Exercise objective
What is wanted is every line below from the one with "Laifen Swift-secadores de" up to and including the one with "dùng các kí", retyped exactly, pictures excluded, nothing else.

Task input
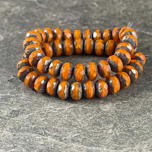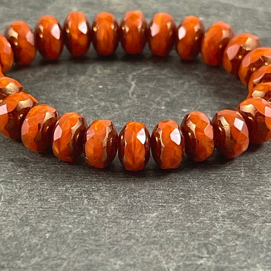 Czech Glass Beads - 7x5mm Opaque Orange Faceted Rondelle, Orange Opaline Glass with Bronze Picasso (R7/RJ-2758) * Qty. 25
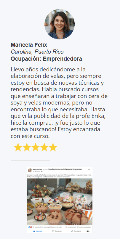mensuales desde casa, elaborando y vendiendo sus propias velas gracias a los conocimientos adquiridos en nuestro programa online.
...
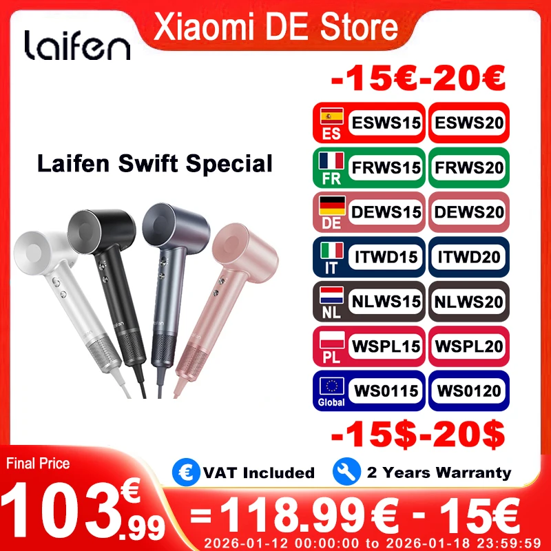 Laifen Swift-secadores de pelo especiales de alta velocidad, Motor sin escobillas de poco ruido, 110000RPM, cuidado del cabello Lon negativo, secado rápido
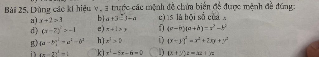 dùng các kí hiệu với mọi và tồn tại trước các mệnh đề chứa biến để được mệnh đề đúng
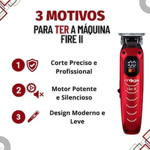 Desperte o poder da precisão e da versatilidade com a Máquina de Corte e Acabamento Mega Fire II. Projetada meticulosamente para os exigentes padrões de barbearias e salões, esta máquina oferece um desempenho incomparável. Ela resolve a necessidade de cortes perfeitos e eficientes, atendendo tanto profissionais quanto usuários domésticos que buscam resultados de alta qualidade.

Written answer
 Laifen Swift-secadores de pelo especiales de alta velocidad, Motor sin escobillas de poco ruido, 110000RPM, cuidado del cabello Lon negativo, secado rápido
 dùng các kí hiệu với mọi và tồn tại trước các mệnh đề chứa biến để được mệnh đề đúng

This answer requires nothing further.